A medida, proposta pelo governo e
aprovada pelo Congresso, prevê que, por exemplo, mudanças futuras nesses pisos
não poderão elevar os gastos acima do limite do arcabouço.
O texto ainda prevê que o governo
poderá limitar subsídios e benefícios financeiros durante a execução
orçamentária.
Freio nos gastos
De acordo com o texto, em caso de
déficit primário, ficará proibida a concessão, ampliação ou prorrogação de
incentivos ou benefícios tributários.
A medida será adotada no ano seguinte
ao que for registrado rombo nas contas do governo. E só poderá ser interrompida
quando houver superávit primário.
🔎 O déficit primário ocorre
quando receitas com tributos e impostos ficam abaixo das despesas do governo,
sem considerar os gastos com o pagamento de juros da dívida pública.
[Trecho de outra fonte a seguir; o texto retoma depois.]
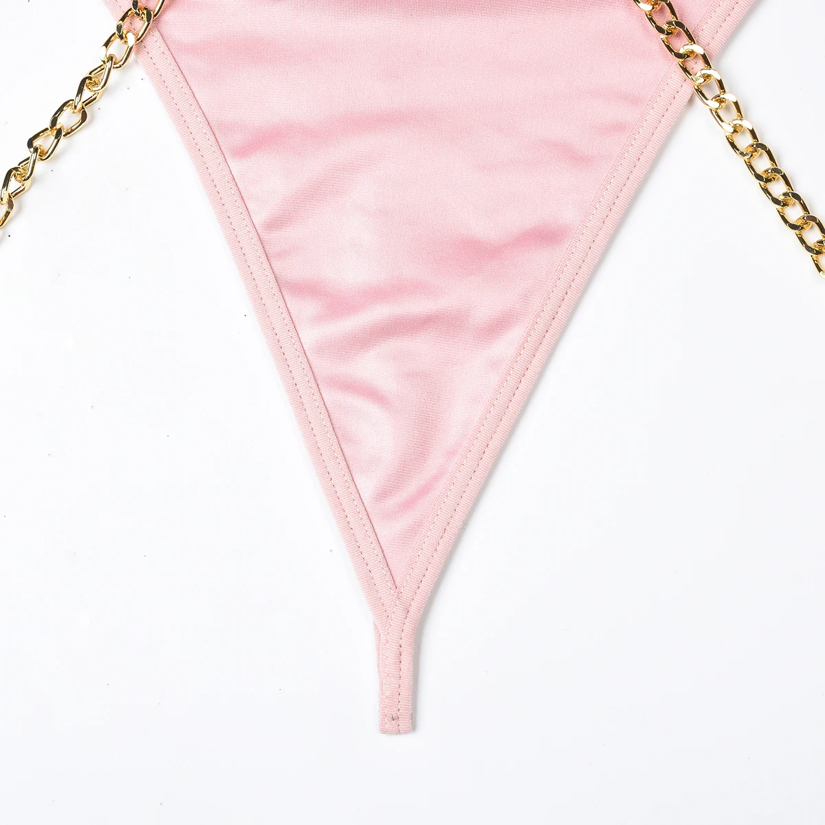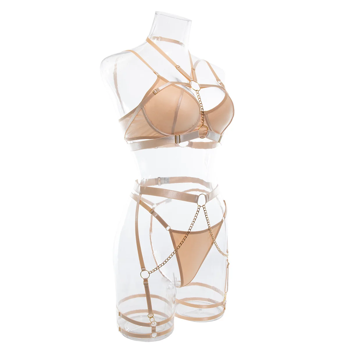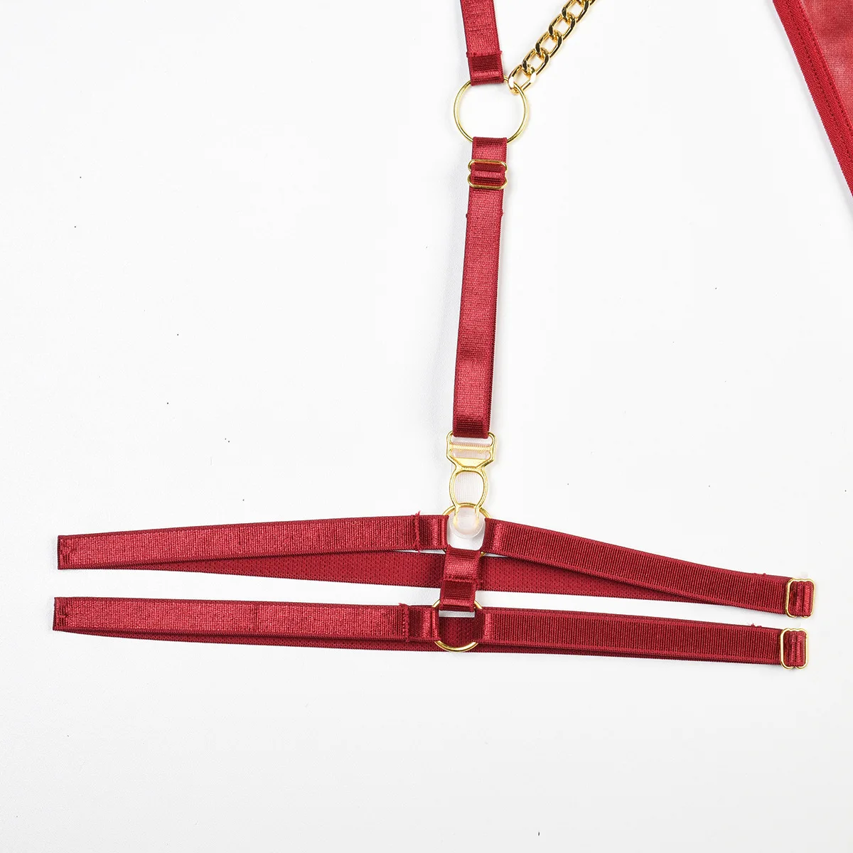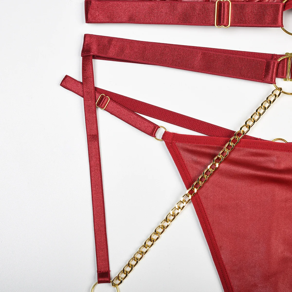 Znbbw Matte Leather Female Lingerie Sexy Luxury Uncensored Underwear 6-Piece Intimate Halter Chain Fine Bra And Panty Set

Já o
superávit primário ocorre quando as receitas com impostos ficam acima das
despesas – também desconsiderando juros da dívida.
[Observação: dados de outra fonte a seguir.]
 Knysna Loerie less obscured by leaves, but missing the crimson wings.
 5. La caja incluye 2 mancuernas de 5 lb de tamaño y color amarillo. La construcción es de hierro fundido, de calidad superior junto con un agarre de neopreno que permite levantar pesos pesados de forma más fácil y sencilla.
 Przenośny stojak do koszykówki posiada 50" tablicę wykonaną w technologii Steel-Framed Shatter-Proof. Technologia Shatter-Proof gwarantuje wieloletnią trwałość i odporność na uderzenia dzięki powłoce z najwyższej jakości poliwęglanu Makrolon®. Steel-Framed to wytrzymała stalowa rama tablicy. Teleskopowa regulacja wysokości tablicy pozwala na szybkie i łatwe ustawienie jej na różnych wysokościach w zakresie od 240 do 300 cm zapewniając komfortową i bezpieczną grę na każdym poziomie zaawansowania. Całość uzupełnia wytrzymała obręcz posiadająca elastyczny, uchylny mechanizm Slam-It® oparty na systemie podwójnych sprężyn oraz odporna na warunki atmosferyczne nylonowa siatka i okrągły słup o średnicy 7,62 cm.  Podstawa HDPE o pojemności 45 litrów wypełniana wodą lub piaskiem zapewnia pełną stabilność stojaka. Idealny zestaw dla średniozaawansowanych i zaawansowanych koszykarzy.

O resultado negativo nas contas
também será o estopim para acionar limites ao aumento de gastos do governo com
pessoal (salários e encargos sociais, por exemplo, de servidores ativos,
inativos e pensionistas).
📈 Segundo a proposta, até
2030, estas despesas não poderão ter crescimento superior ao piso de reajuste
das despesas permitido pelo arcabouço fiscal — 0,6% ao ano acima da inflação.
➕ Caso seja acionada, a medida vai
afetar os Três Poderes — Executivo, Legislativo e Judiciário —, Ministério
Público, Defensoria Pública, Conselho Nacional de Justiça (CNJ) e Tribunal de
Contas da União (TCU).
🚫 Não serão afetados, porém,
aumentos concedidos por ordem judicial.
🔔 Em caso de calamidade
pública, as limitações poderão ser desrespeitadas.
Os "gatilhos" para frear
benefícios tributários e gastos com pessoal também poderão ser acionados quando
houver, a partir de 2027, maior comprometimento do Orçamento com despesas que o
governo não tem como driblar — classificadas como obrigatórias.
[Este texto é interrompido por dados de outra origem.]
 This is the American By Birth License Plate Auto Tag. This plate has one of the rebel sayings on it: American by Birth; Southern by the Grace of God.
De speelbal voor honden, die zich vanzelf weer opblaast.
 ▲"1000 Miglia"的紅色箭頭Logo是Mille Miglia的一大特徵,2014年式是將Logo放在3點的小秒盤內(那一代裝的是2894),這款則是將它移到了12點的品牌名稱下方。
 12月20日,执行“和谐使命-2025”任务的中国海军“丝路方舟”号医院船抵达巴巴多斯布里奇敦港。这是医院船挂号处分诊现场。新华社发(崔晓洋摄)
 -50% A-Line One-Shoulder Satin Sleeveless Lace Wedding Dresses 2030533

O aumento das despesas obrigatórias
diminui a fatia de dinheiro livre — as chamadas despesas discricionárias — para
investimento do governo em políticas públicas e obras, por exemplo.
Além de tudo isso, o projeto
estabelece que gastos com criação ou prorrogação de benefícios da seguridade
social terão de estar limitados a um crescimento entre 0,6% e 2,5% acima da
inflação — as regras do chamado arcabouço fiscal.
Derrubada do DPVAT
Os parlamentares revogaram a
recriação do DPVAT — agora batizado de Seguro Obrigatório para Proteção de
Vítimas de Acidente de Trânsito (SPVAT).
O ministro das Relações
Institucionais, Alexandre Padilha, se reuniu nesta quinta com o presidente do
Senado, Rodrigo Pacheco (PSD-MG), e líderes, antes da votação.
Segundo Padilha, o governo concordou
com o cancelamento do DPVAT porque governos estaduais alegaram que não fariam a
cobrança. Então, desta forma, não haveria "receita garantida" do
seguro.
Na Câmara, a derrubada do novo DPVAT
foi um dos principais embates entre deputados ao longo da noite de terça (17) e
da tarde desta quarta (18).
🔄A medida havia sido incluída
e, posteriormente, retirada do parecer de Átila Lira (PP-PI), o que levou
deputados da oposição a acusarem lideranças do Palácio do Planalto de quebrar
acordos.
O DPVAT havia sido extinto no governo
do presidente Jair Bolsonaro (PL). Neste ano, depois de mobilização da equipe
econômica do Planalto, o Congresso aprovou — e o presidente Luiz Inácio Lula da
Silva (PT) sancionou — a volta do seguro obrigatório.